By KUMAR VIKRAM
Critics call it heritage destruction; supporters see reclamation of elite spaces built on public land.
New Delhi, May 24, 2026 — The reported direction from the Centre asking the historic Delhi Gymkhana Club to hand over its premises by June 5 has triggered outrage, nostalgia, and a deeper political argument that goes far beyond one club.
At the heart of the controversy lies an uncomfortable question: Is the state reclaiming public assets from elite enclaves, or dismantling an institutional legacy under the banner of decolonisation?
Retired military officer Major General (Retd) P K Sehgal called the move abrupt and damaging. “Without any prior warning or advance notice, this action threatens 600 employees losing jobs,” Sehgal told PTI, describing the club as “a prestigious heritage site” and calling its destruction “a sacrilege that requires public opposition.”
The emotional argument found support from former IPS officer and ex-Puducherry Lieutenant Governor Kiran Bedi, who invoked the institution’s sporting and social history. “The Delhi Gymkhana Club is not just a property — it is part of our institutional and sporting heritage,” Bedi wrote on X, recalling the swimming pool built during the tenure of late Finance Minister Arun Jaitley and the generations of sporting memories associated with the club.
Yet the counterargument is equally sharp.
Veteran journalist Prabhu Chawla questioned whether government-supported clubs occupying subsidised land should continue functioning as selective institutions. “Delhi Gymkhana, Golf Clubs etc. run on huge subsidised land parcels provided by babus, for babus and their cohorts only,” he argued, pointing to notoriously long membership queues and restricted access.
This argument cuts into a long-standing critique of post-colonial India: that elite clubs inherited from the British era survived Independence almost untouched, becoming informal networks of power where bureaucracy, military leadership and policymakers socialised away from public scrutiny.

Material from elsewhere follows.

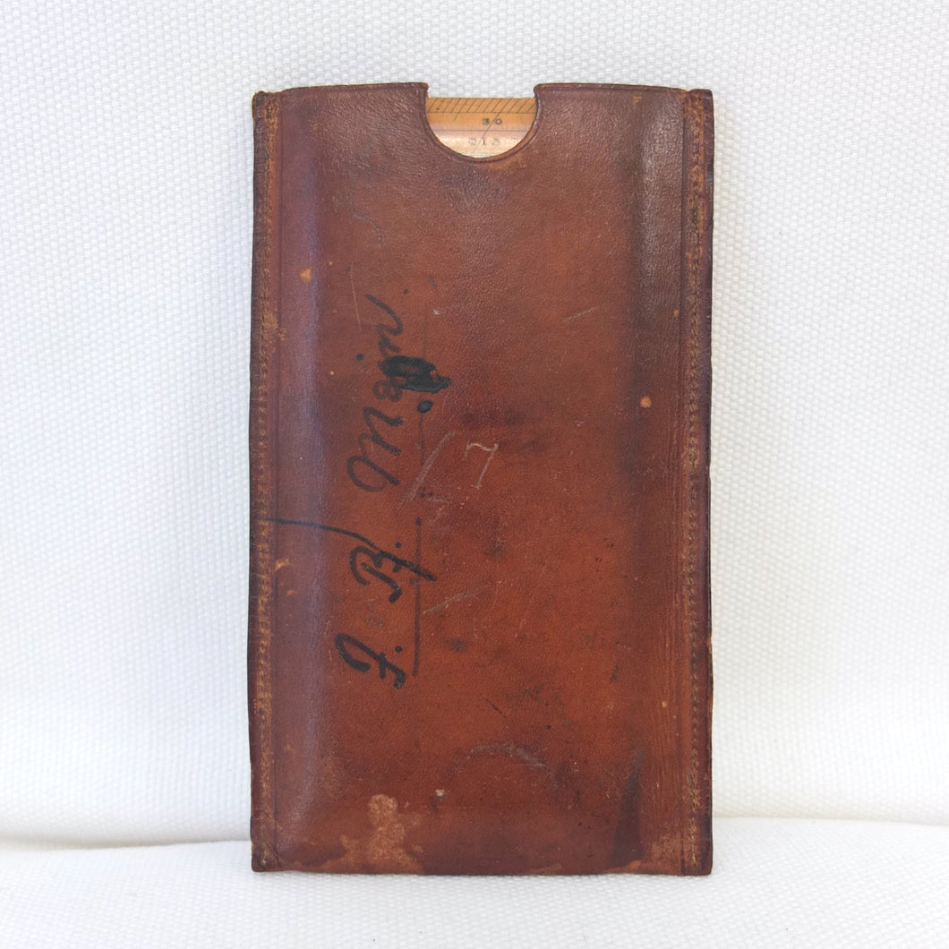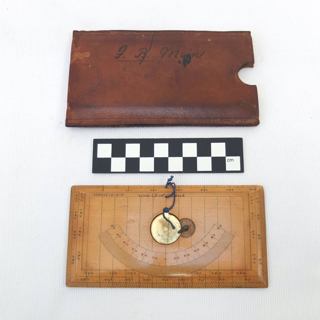 In very good condition and full working order, with minor signs of use, and some faint annotation to the scales on the rear. The leather case is in very good condition, with general signs of wear, and the inscription 'F. B. Main' [or possibly 'Major'] written in ink on the front. The name 'A. C. H. Thomas' is engraved near the top left hand edge of the protractor.

Former diplomat K C Singh offered a defence of that ecosystem, arguing such institutions historically compensated civil servants who worked for lower public-sector salaries and insulated them from dependence on private wealth.
Journalist Aunindyo Chakravarty, however, challenged the very idea, in a post on X, that Gymkhana remains a “Lutyens elite” bastion, arguing that its character has changed over the last two decades and increasingly reflected newer power centres linked to the Central Vista ecosystem.
Perhaps the sharpest political reading came from former IPS officer Yashovardhan Jha Azad, who described the club as an easy symbolic target. His argument on X was blunt: the club has no vote bank, no political mobilisation capacity, and no ideological constituency willing to defend “the rich and powerful drinking away in the evenings.”
That critique also raised questions of selective decolonisation.
If legacy institutions are being re-evaluated, critics ask whether the principle will extend uniformly across government-linked spaces such as official clubs, parliamentary recreational facilities and state-supported hospitality establishments.
The Delhi Gymkhana issue therefore is no longer merely about a club. It has become a referendum on how India deals with inherited institutions: preserve them, democratise them, repurpose them — or erase them.
The answer may shape not just one heritage address in Lutyens’ Delhi, but the future of India’s old power architecture.